Она терпеливо ждет. И вправду попускает.

Утром хочется рвать. Тебя рвет прямо возле себя. Лежа. Слегка привстав. На газету. На гороскоп, где с надеждой выискивал белую полосу, или же просто, проверял, не забыл ли еще русского языка.

«Я бледна?» «Нет. Все хорошо. У тебя румянец на лице.» «Врешь» «Прости», не в силах смотреть ей в глаза, он отворачивается. «Который час?» «Примерно шесть. Солнце уже взошло.» «Даже солнце может всходить. А мне все тяжелей…» Он смотрит на нее. Внимательно. Прослеживает туманными глазами ход действий ее слезы. Из правого глаза. Она настолько чистая и прозрачная. Словно капля воды из синего моря. «Мы поедем на море. Слышишь?! Мы едем на море!» «Ты издеваешься?.. Мне все тяжелей передвигаться. Море от нас – добрых полтора суток на машине. Да и деньги…» «Я найду деньги. Море тебя вылечит?» Вторая слеза медленно, но верно заскользила из левого глаза. Впившись в эту слезу глазами, он говорит, вздрагивая всем телом: «Не плачь. Я же тебя.. так люблю…» «Дай мне сигарету.» «Держи», дрожащими руками он протягивает ей помятую сигарету. Затем чиркает спичкой по коробку, и увидев огонек – подводит пламя к сигарете, поджигая ее. Он смотрит в зрачки своей курящей девушке. В них, как в мутной луже, секунд пять прослеживался неспокойный язычок пламени, но тут же затихает. «Какого цвета мои глаза?» «Наверное,… когда-то были голубые. Да. Они были голубые. Три квартала назад. Я помню. Я люблю твои глаза. Любил…», слеза струей погналась к подбородку, а затем капнула на изорванный линолеум. «Были… Хорошо, что здесь нет зеркал», ее рука потянулась к его щеке. Он замер в ожидании прохладного дотрагивания   желтыми пальчиками к его белой кожи. Дрожащие пальцы нежно провели вдоль щеки и опустились к шее. Девушка, изнемогая, отдернула руку к себе и прижала пальцы к груди. Поближе к сердцу. «Я хочу ощутить твое тепло у себя внутри.» Парень отворачивается и плачет. Тело содрогается, скованное болью и сожалением. Из груди издается глухой крик. Его еле слышно. Девушка отворачивается и тушит сигарету. Отбрасывает бычок подальше от себя и переворачивается на живот. Засыпает.

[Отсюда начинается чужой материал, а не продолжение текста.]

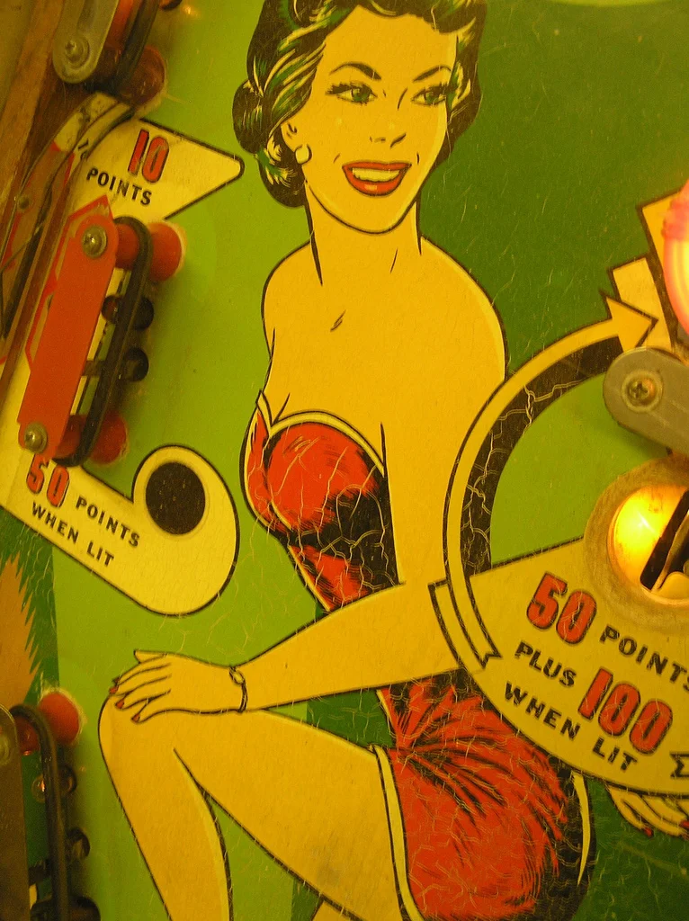 “The whole store was like a pinball machine and I didn’t know which tunnel they’d come out of.” The narrator, in his fascination, watches the girls move about the store like it’s a game. Their movements and actions serve only one purpose in his mind at the time: to entertain him and his libido. He sneers at the man behind the meat counter who was “looking after [the girls] sizing up their joints,” but then victimizes the girls, rather than realizing he propagates the meat counter attendant’s infatuation. “Poor kids, I began to feel sorry for them, they couldn’t help it.” Oh how I bristled to that! But comparing the girls to a pinball that was caught up in the machine simultaneously diminishes and augments the girls. It diminishes them because on one hand they are caught up in the cogs and workings of the game and have no control over where they’ll end up. On the other hand it augments them, because they are central to the game and where they go and what they do is of the utmost importance - to the point of being the utmost power, since what happens to them indicates the outcome of the game.

  2. «Где ты был?» «Сегодня виделся с Мухой. Ты же помнишь его? Он играет со своей группой в местном баре.» «А… Та музыка, которая вызывает лишь рвотные рефлексы?» «Да, она самая.» «Мне больше нравится секс пистолс. Почему ты не поговоришь с Сидом Вишезом?» «Он на небе.» «И что?! Тебе тяжело с ним поговорить?! Как же ты будешь со мною говорить?! Когда МЕНЯ не будет?! Я же тоже буду там. С Сидом Вишезом…» «Не глупи… с тобой я буду говорить своим сердцем.» «Вряд ли я услышу твой глупый стук твоего глупого сердца где-то в том чертовом небе!»

  «И что он?» «Кто?» «Участник группы «Под черным небом»?» «Его группа теперь называется «Забытые люди».» «Группа для нас. Мы тоже забыты. Моя мать, небось, не помнит как я выгляжу. После моего залета и аборта, она не захотела меня видеть. А теперь еще мой диагноз. Зря я пошла в больницу. Ребенок бы сам умер. Во мне. В дряни здоровое существо не выживет. А я – дрянь.» «Что ты несешь?!»

   «Так что же он все-таки сказал?» «Он согласен взять меня в группу.» «Ты же ничего не умеешь делать…», слабый оттенок улыбки забрезжил на утомленном жизнью лице. «Я буду солистом. Их предыдущий вокалист порезал себе вены из-за ломки прошлый четверг.» «Зачем тебе эта сраная группа? Ты станешь таким же сраным как и они.» «Я освещу наши с тобой сраные жизни.» «…» «Ты слышишь?! Я сделаю это!» «Попробуй»

 3. Утренняя рвота. Сигарета. Прошлонедельный хлеб из церковной столовой. Пиво комнатной температуры. Бутылки. Шприцы. Бычки. Лужица блевоты. Изорванный линолеум. Поломанный стол. Будильник. Стул с тремя ножками. Окно с пыльным стеклом. На стекле его пальцем выведено «К. + Д. = <3 » Его нету. Он ушел когда маленькая стрелка была на восьми часах, очевидно, утра. Теперь же стрелка висит над тройкой.

  «Репетировали. Как ты себя чувствуешь?», слабый кивок в ответ, мол, всё как всегда. «Завтра вечером концерт.»

Рвота. Его нет. Сигареты. Сигареты. Ломка. Доза. Сигареты. Стрелка стоит на месте, или медленно идет. Слишком медленно. Его нет. Каждый день концерты. Улыбка по возвращению. Всего лишь слабый кивок в ответ: да, я еще жива. Я еще жду тебя здесь.

 Рвота. Рвота. Уколы. Попускает. Рвота. Сигареты. Хлеб. Пиво. Ломка по Нему. Ломка по дозе. Доза есть. Его нету.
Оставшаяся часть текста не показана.